Spoilers: started before HBP, continued after The Tales of Beedle the Bard, but before Pottermore.

Disclaimer: This story is based on characters and situations created and owned by J.K. Rowling. The author of the following story (which is me) has no connection to J.K. Rowling, Bloomsbury Publishing, Scholastic Books or Warner Bros., Inc. – No money is being made from this, no copyright or trademark infringement is intended.


Prologue


Is it you, my Prince? You have waited a long while.

– 'The Sleeping Beauty in the Wood' by Charles Perrault.


Mr and Mrs Granger, long time residents of Littleton, Winchester, were proud to claim that they were as Muggle as you could get.

It was a lie.

Before her marriage, Mrs Granger was known as Miss Annabeth Crow. She met her husband at university and they were engaged by the end of their third year. When they had to choose where to live, she followed him to his family home in Hampshire and never looked back. She even succeeded in losing her accent. She had laid the groundwork with him of the strained relationship she had with her own family: how she had laboured to distance herself from them, going as far as switching universities halfway through her course.

But it was all a lie.

Mr Granger never questioned his wife; she had a right to her privacy and he had been raised a gentleman. She had been a good student and a hard worker, qualities that had drawn him to her in the first place and that he was pleased to have in their shared workplace after. It didn't matter to him if her side of the church pews was filled with friends but devoid of family relations. It worried him a bit when she was pregnant with their daughter and had no one to call to share the good news. Yet she smiled so serenely and spent so much time with his own mother, learning the care of the young from her, that Mr Granger soon forgot about his wife non-existent family.

The lies never stopped.

Mrs Granger watched their daughter with a keen eye from the very day she was born. The oddities did not take long to show; toys without batteries would play nonstop, books were coloured in even if Hermione had not been given a crayon, and food she found distasteful magically disappeared from her plate. Mr Granger failed to notice many of these instances and when he did, he was merely bemused by his daughter's conjuring tricks.

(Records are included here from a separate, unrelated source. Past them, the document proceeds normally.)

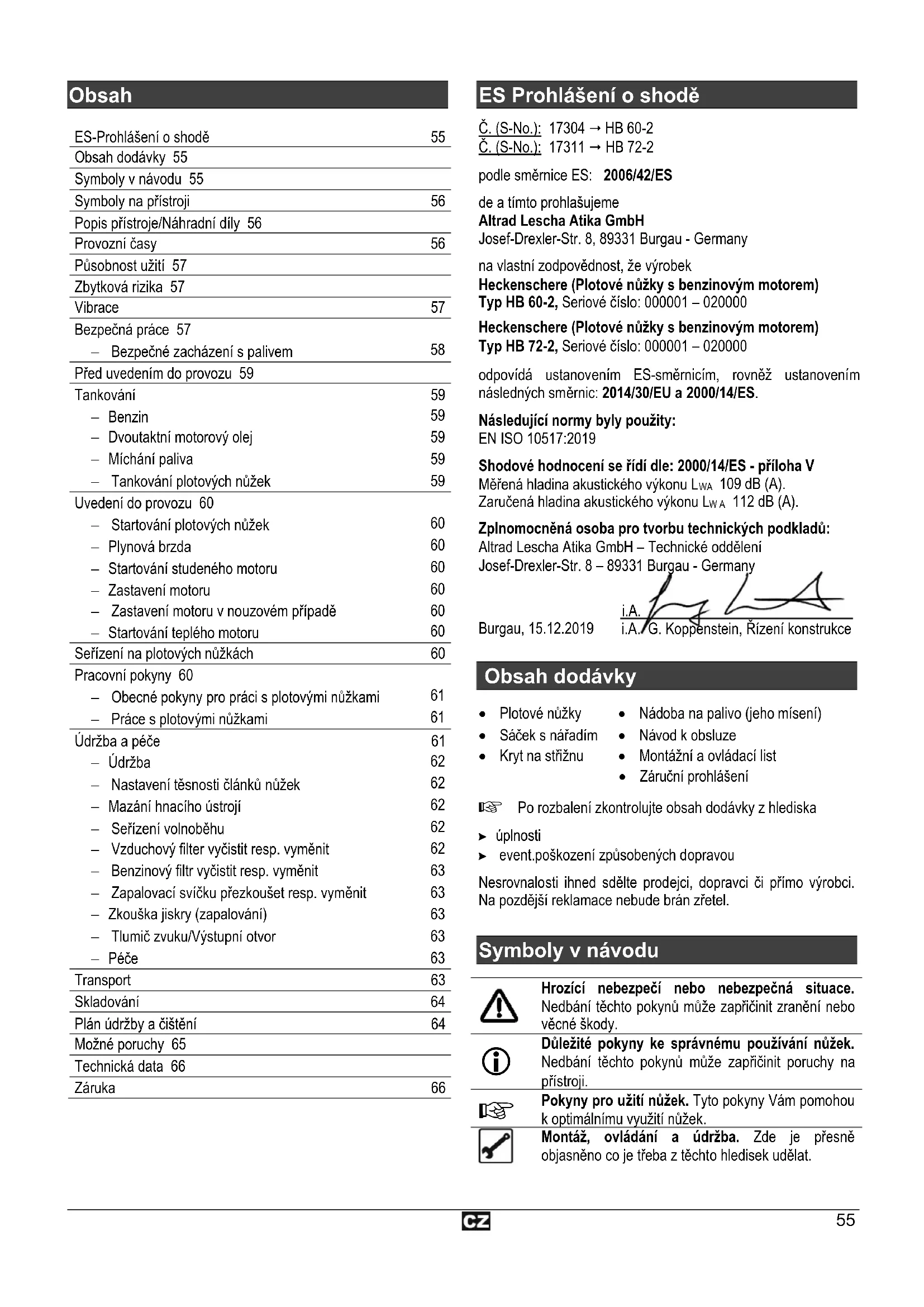 ES Prohlášení o shodě Č. (S-No.): 17304 HB 60-2 Č. (S-No.): 17311 HB 72-2 podle směrnice ES: 2006/42/ES de a tímto prohlašujeme Altrad Lescha Atika GmbH Josef-Drexler-Str. 8, 89331 Burgau - Germany na vlastní zodpovědnost, že výrobek Heckenschere (Plotové nůžky s benzinovým motorem) Typ HB 60-2, Seriové číslo: 000001 – 020000 Heckenschere (Plotové nůžky s benzinovým motorem) Typ HB 72-2, Seriové číslo: 000001 – 020000 odpovídá ustanovením ES-směrnicím, rovněž ustanovením následných směrnic: 2014/30/EU a 2000/14/ES. Následující normy byly použity: EN ISO 10517:2019 Shodové hodnocení se řídí dle: 2000/14/ES - příloha V Měřená hladina akustického výkonu L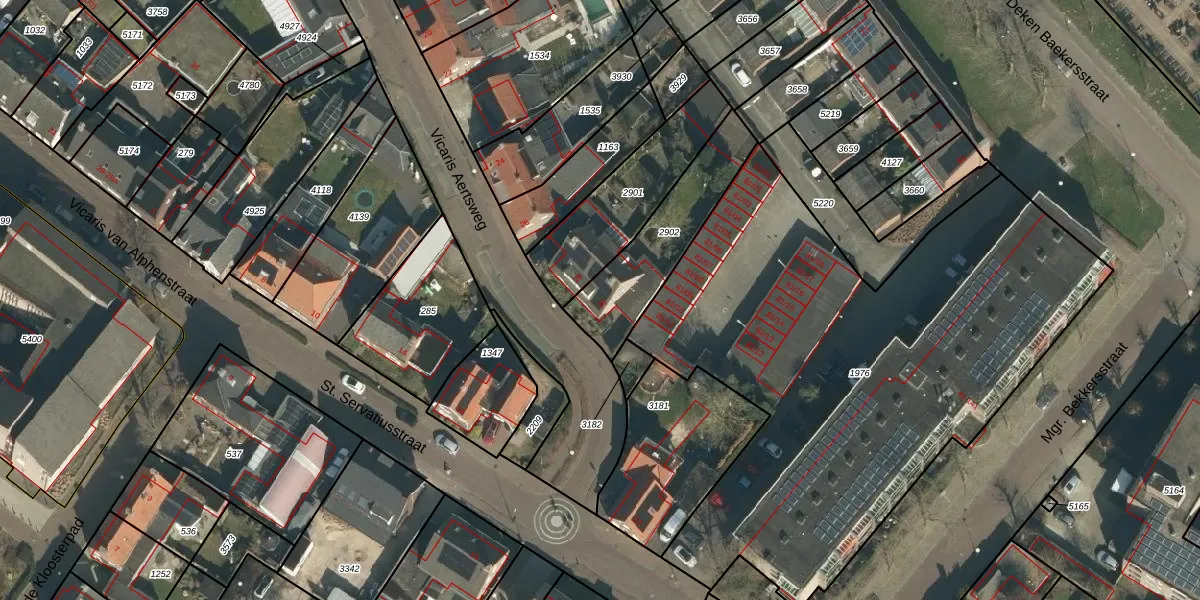 Het perceel waarop Vicaris Aertsweg 30 staat heeft een oppervlakte van 381 m². Dit is een groot perceel. De perceeloppervlakte wordt geregistreerd door het Kadaster. Gedetailleerde informatie over de maten van dit perceel kunt u vinden in het rapport Kadastrale kaart met maatvoering van Vicaris Aertsweg 30.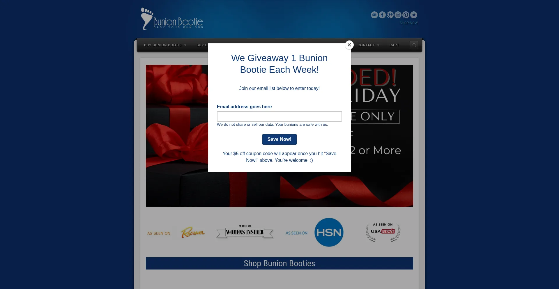 帮助保护他人,快在社交媒体上分享此页面吧!知道bunionbootie.com的人越多,骗子就越难得逞。 通过在社交媒体上分享此页面,帮助更多人发现可靠的bunionbootie.com吧!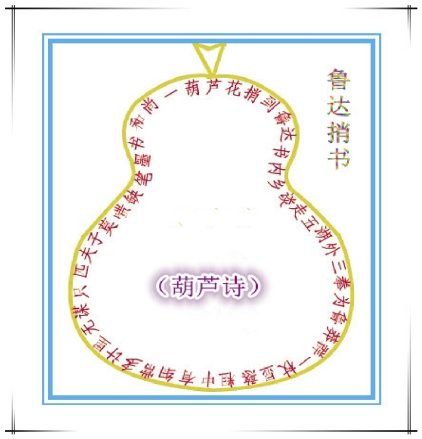 葫芦诗,葫芦内藏有49个字,可以读成一首七言律诗。它的读法是下句首字均借上句末字(实际是首尾回环的顶真七律)。

It all came to a head, of course, on Hermione's eleventh birthday.

As the child grew older, Mrs Granger had learnt to turn a blind eye, the way she supposed every ordinary Muggle mother would when their daughter started displaying signs of early magic. She knew the day would come and she also knew to expect more than just her admission letter in the post. She was not disappointed – she replied to the Headmaster in a flurry of emotion, for it had been years since she had last used an owl to send her letters. She explained the reason for going incognito and pleaded with him to uphold the charade with her husband and daughter.

When Professor McGonagall showed up on their doorstep to explain that Hogwarts was the English school of witchcraft and wizardry, she knew her plea had been heard.

For you see, before her disappearance from the wizarding community, Miss Crow had been known as Annabeth Ravenclaw.